Tabletop Piriformis Stretch

    This exercise stretches your piriformis as well as you entire buttocks and your lower back. Stand facing a desk that is about as high as your hip. Put your right outer thigh and lower leg on top of the desk with your knee pointing in front of you. You may already feel a stretch in your hip. To increase the stretch, exhale slowly as you lean your torso forward at your hip, keeping your left knee slightly bent and without rounding your spine. Hold the stretch for three to four deep breaths. At each exhalation, lower your torso a bit toward your right leg. Do two sets of stretches on each hip.

Standing Hamstring Stretch

    This exercise stretches your hamstrings as well as your calves, hip and lower back. Stand with your right foot slightly in front of you and flex your right foot toward your face. Put your hands on the sides of your hip and hinge forward at your hip without rounding your spine. As you do so, you should feel a stretch in your hamstrings and calves. Hold the stretch for five to six deep breaths. At each exhalation, hinge your torso forward a little more to increase the stretch. Do two sets of stretches on each leg.

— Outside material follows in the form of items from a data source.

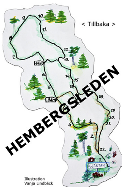
Illustration Vanja Lindbäck

Denna led passerar också Hembergets högsta punkt som på kartan är angiven till 95,3 meter över havet. Alldeles i närheten av den punkten finns rastplatsen Vidablick som verkligen gör skäl för namnet. Här fångar
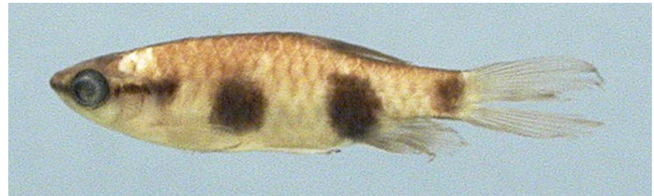
LEBIASINIDAE - Pyrrhulina vittata FMNH-106515
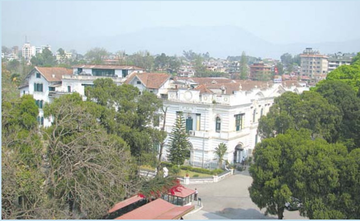
नयाँ वर्षलाई स्वागत : नेपाल राष्ट्र बैंक समाचार नववर्ष २०६५ को उपलक्ष्यमा बैंक परिवारका सदस्यहरूलाग्यत पाठकवृन्दहरूमा हार्दिक मंगलमय शुभकामना व्यक्त गर्दछ ।
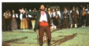
La Storia Bandita Parco della Grancia
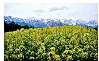
白馬夢農場ふ〜みんなの里

春は菜の花、夏はラベンダー、秋は白いそばの花が 一面に広がります。(ホテルから車で20分)
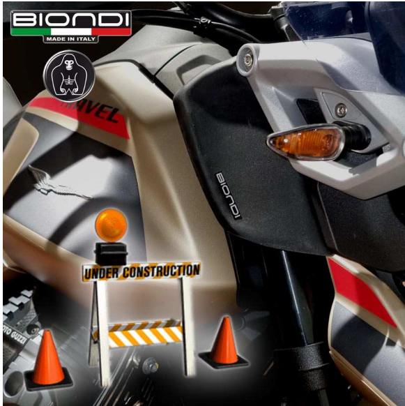
Cod. 8010522 Deflettori aria colore Fumè Scuro (semi - trasparente). Air Deflectors – Smoke Grey dark

Il prodotto è stato lungamente testato su strada con la nostra V85TT Travel nelle più svariate condizioni.
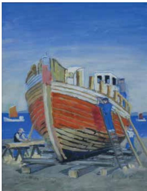
Kutter på bedding. Maleri.
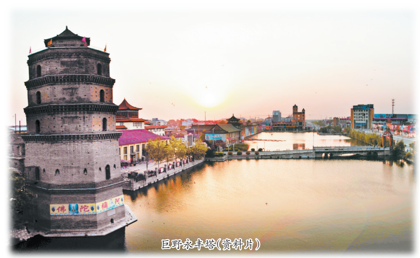
巨野永丰塔(资料图)

内涵,五大主导文化产业,两大核心产业品牌,“三大文化园区一大基地”等一系列文化产业规划正逐步实施。 巨野县用历史文化丰富城市建设内涵,重点打造“千年麟城,吉祥巨野”的形象品牌。突出抓好“麒麟文化”“人祖文化”建设,搞好麒麟文化研究,全力搞好麒麟文化园建设,把中华麒麟园建设成4A级景区,发展吉祥文化;以蚩尤墓为依托,规划建设蚩尤大殿,集华夏民族先圣祭祀、中国早期文明为一体,发展中华祖先文化。
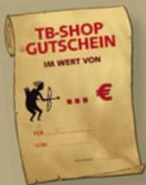
Der passt immer! TB-SHOP Geschenk-Gutschein für 10, 20, 30, 50 € oder nach Wunsch.

Gratis dazu bei Bestellungen über 100,- €
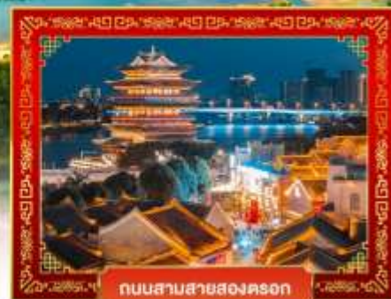
ถนนสายสองคอน
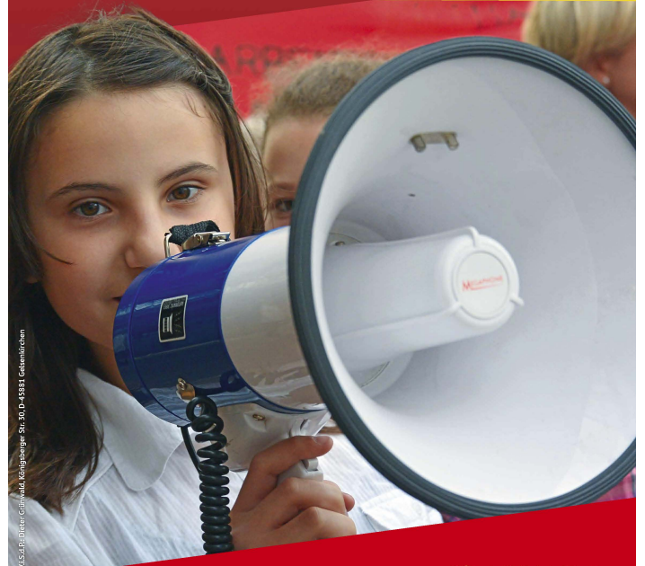
MLPD/Dieter Göttschke, Königberger Str. 30-D-49381, Gelsenkirchen

    Sometimes stretching alone does not always alleviate the tightness or stiffness in your piriformis and hamstrings. Stiff hip joints and an unstable lower spine can cause those muscles to feel tight even after you stretch. To maintain the joint and muscle mobility, do some strength and stability exercises after you stretch, physical therapist Gray Cook suggests. Sample exercises include body-weight squats, floor bridges and reverse lunges. These will help you develop stability in your abdominals, hip and spine and allow you to maintain your mobility level. However, if you have pain while you're stretching, consult your health care provider.